6. You agree to hold harmless and indemnify us, the Funds and any other
Franklin or Templeton entity, including any employees, officers, directors or
trustees, against any claims or actions resulting from your violation of any
law, rule, or regulation, or breach of any provisions of this Agreement, or any
misstatements or omissions to state a material fact by you, or your employees or
agents, which claims or actions result in liability to any of the aforementioned
parties, such indemnification to include the payment of any reasonable legal
fees incurred in connection with investigating or defending such claims or
actions; and, in addition, in the event we determine to refund any amounts paid
by any investor by reason of any such claims or actions on your part, you shall
return to us any fees previously paid by us to you under this Agreement with
respect to such refunded amounts.
We agree to hold harmless and indemnify you, including any employees,
officers, directors, or trustees against any claims or actions resulting from
our violation of any law, rule, or regulation, or material violation of any
provisions of this Agreement or arise out of or are based upon any untrue
statement of any material fact contained in the registration statement,
prospectus or sales literature of the Funds or arise out of, or are based upon,
the omission or the alleged omission to state therein a material fact required
to be stated therein or necessary to make THE statements therein not misleading.

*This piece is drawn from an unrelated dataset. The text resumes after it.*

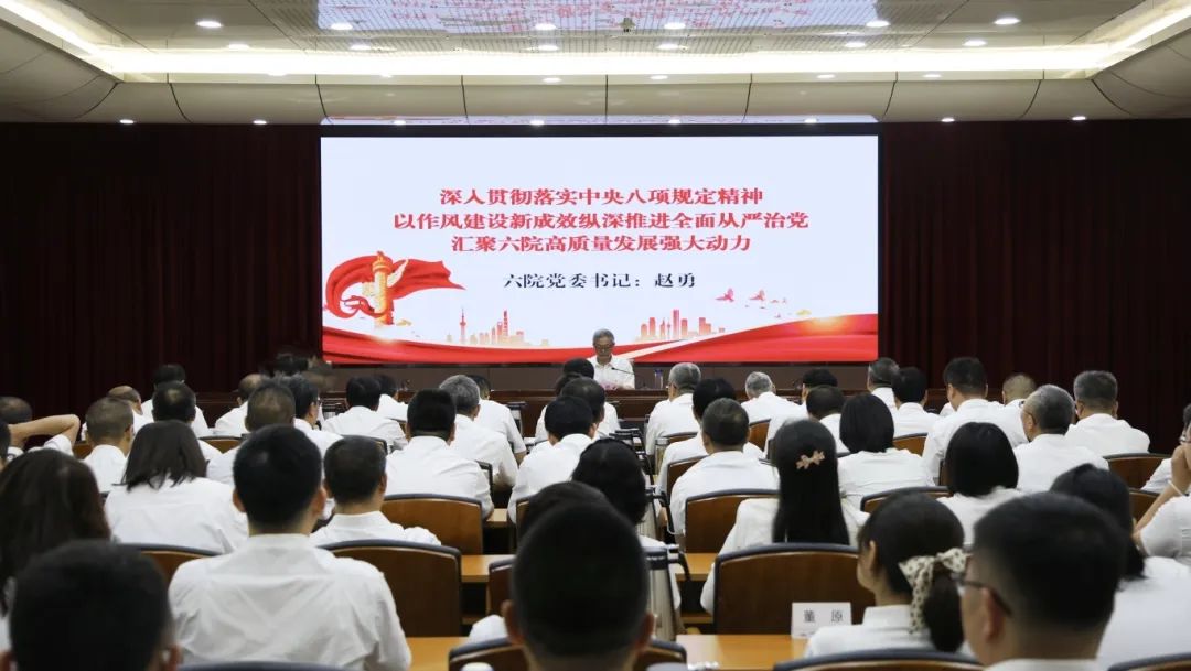 趙勇以《深入貫徹落實(shí)中央八項(xiàng)規(guī)定精神 以作風(fēng)建設(shè)新成效縱深推進(jìn)全面從嚴(yán)治黨 匯聚六院高質(zhì)量發(fā)展強(qiáng)大動(dòng)力》為題,與黨員干部職工共同再學(xué)習(xí)再領(lǐng)會(huì)習(xí)近平總書記關(guān)于黨的作風(fēng)建設(shè)的重要論述,深刻把握黨的十八大以來貫徹落實(shí)中央八項(xiàng)規(guī)定精神的成效和經(jīng)驗(yàn),將學(xué)習(xí)教育的成果轉(zhuǎn)化為推動(dòng)工作的強(qiáng)大動(dòng)力。

7.A. In consideration of the services described herein to be provided by
you which consist primarily of providing shareholder/personal services in
maintaining the accounts of Benefit Plans and Benefit Plan participants who
invest in shares of the Funds, you shall be entitled to receive from
Franklin/Xxxxxxxxx Distributors, Inc. ("Distributors") such fees as are set
forth in Exhibit A hereto. Such services may include distributing Fund
prospectuses, annual reports and other Fund related information or
communications to Benefit Plans and participants investing in the Funds, and
answering participant and Benefit Plan sponsor inquiries regarding the Funds.

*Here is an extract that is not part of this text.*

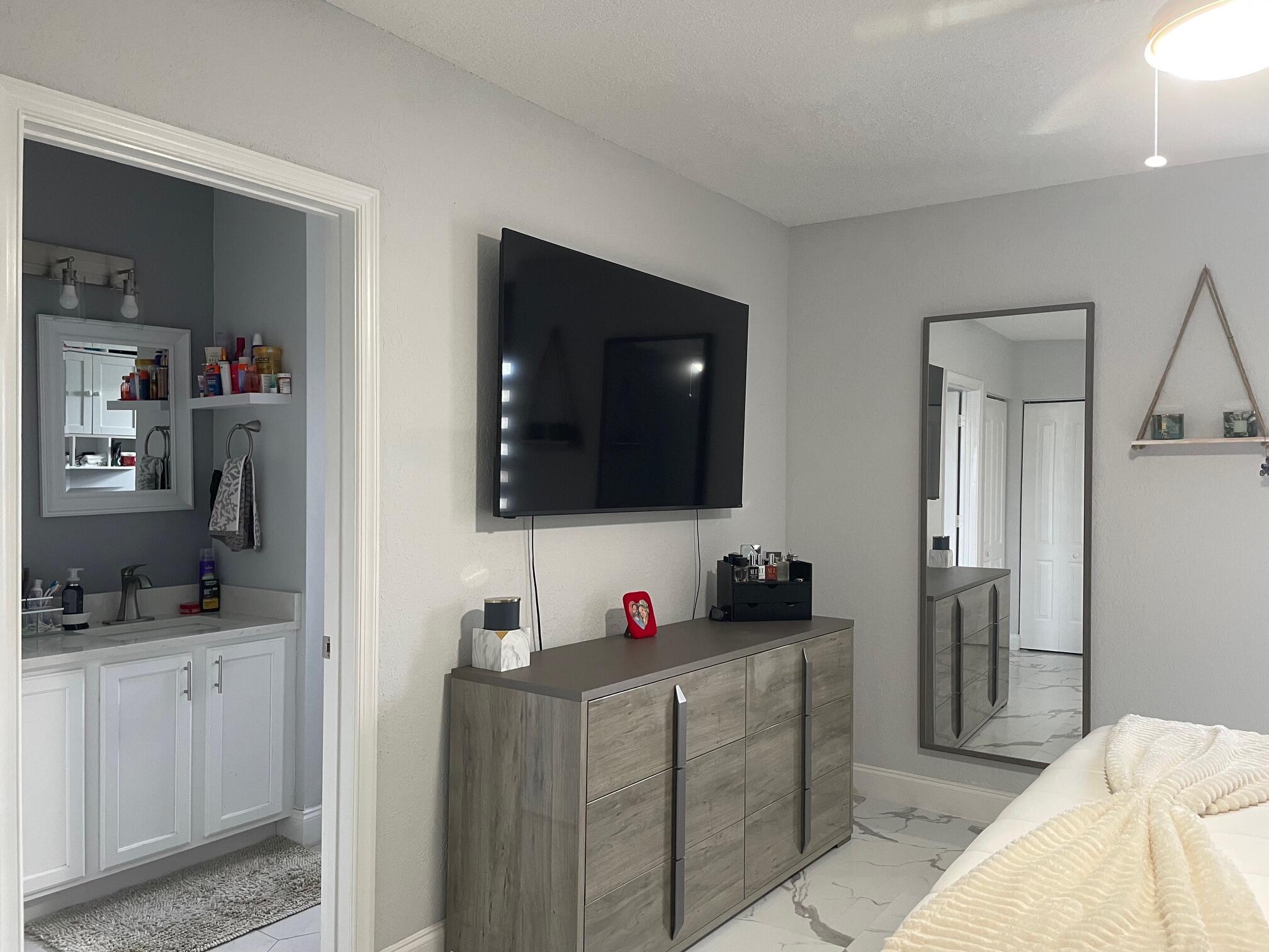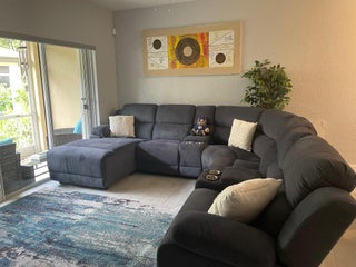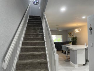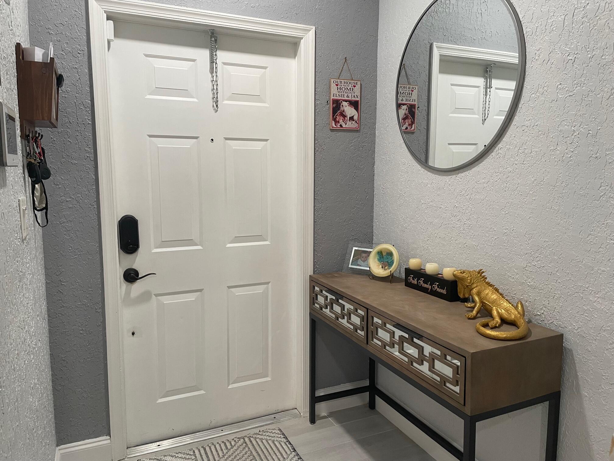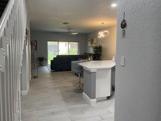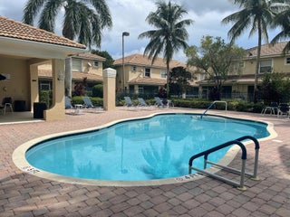 Such a beautiful, move-in ready all ages TH in Wellington. Hurricane protection. OPEN, light and bright, white kitchen with SS appliances with large countertop, great for entertaining and for bar stools. Pantry included. Coffee/liquor bar. Gorgeous tile floors on the first floor. Half bath on the first floor for guests. Newer luxury window treatments. Screened patio with storage. Second floor loft/home office/playroom/exercise room. Guest bedroom could have private bathroom. The primary suite is bright and large. White and bright bathroom, double sinks, shower with window. Short walk to pool. Easy access to all that is Wellington. Great local landlord.

These fees are paid in accordance with the Funds' Rule 12b-1 plans and may
change at any time, in Distributors' discretion or in the discretion of the
Funds' boards. In addition, if a securities dealer which has a dealer/ selling
agreement with Distributors, is requested by a particular Benefit
2
Plan to perform these and similar shareholder/personal services, or
provides distribution services for the Benefit Plan, such dealer would generally
be entitled to Rule 12b-1 plan fees. In those circumstances, Distributors would
not continue to pay you for such services. Distributors shall provide you with
reasonable advance notice of any change in fees payable to you. You agree to
waive payment of any shareholder/personal service fees payable to you hereunder,
until such time as Distributors is in receipt of such fees from the Funds.

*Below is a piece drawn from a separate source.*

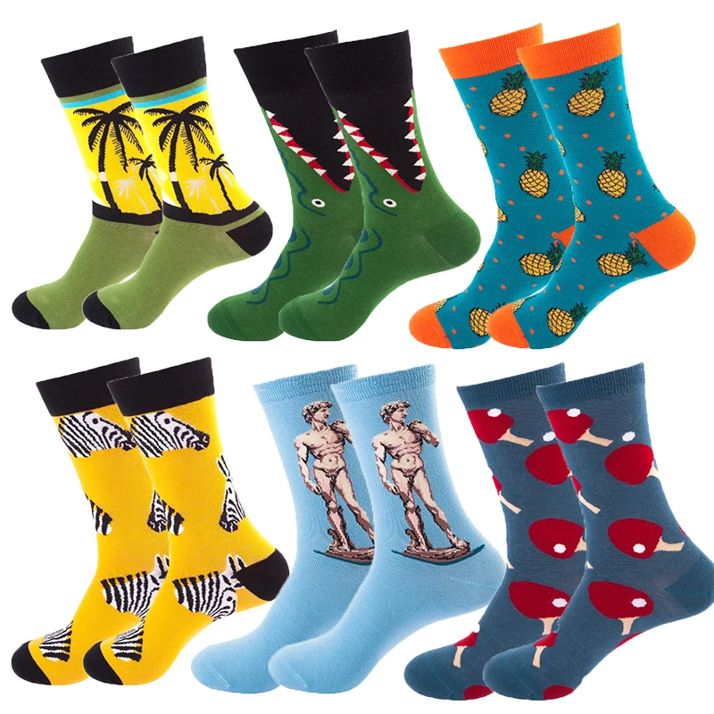 1 пара мужских носков из чесаного хлопка, Мультяшные животные, птиц...

Shareholder/personal service fees shall be payable on a quarterly basis,
accompanied by a statement showing the calculation of the amounts payable to
you, along with other supporting data reasonably requested by us.
B. In consideration of the services to be provided by you which consist
primarily of recordkeeping and subaccounting services for Benefit Plans and
participants investing in Class A shares of the Funds through the Benefit Plans,
similar to those which would be provided by Franklin /Xxxxxxxxx Investor
Services, Inc., ("Transfer Agent") the Funds' transfer agent, if each
participant invested directly in such Funds, you shall be entitled to receive
from Transfer Agent the subaccounting/recordkeeping fees according to the
schedule set forth in Exhibit A. Recordkeeping and subaccounting services
include establishing and maintaining participant account balances invested in
the Funds through Benefit Plans, processing and accounting for participant
exchanges among fund options, and processing redemptions in accordance with
Benefit Plan requirements. Such fees may be changed in Transfer Agent's
discretion or in the discretion of the Funds' boards of directors or trustees.
These fees shall be payable quarterly based on the average participant account
balance and the number of participant accounts invested in the Funds. The number
of accounts and the average account balance shall be certified each year in a
manner mutually agreeable to the parties, as of a quarterly period selected by
Transfer Agent, such certification to be at your expense. In order to receive
payment, you must present to Transfer Agent within 30 days of the end of a
quarter an invoice for that quarter accompanied by information providing
Transfer Agent an adequate basis for computation of the fees.
C. For the payment period in which this Agreement terminates, there shall
be an appropriate proration of the fees noted above, on the basis of the number
of days that the Agreement is in effect during the quarter.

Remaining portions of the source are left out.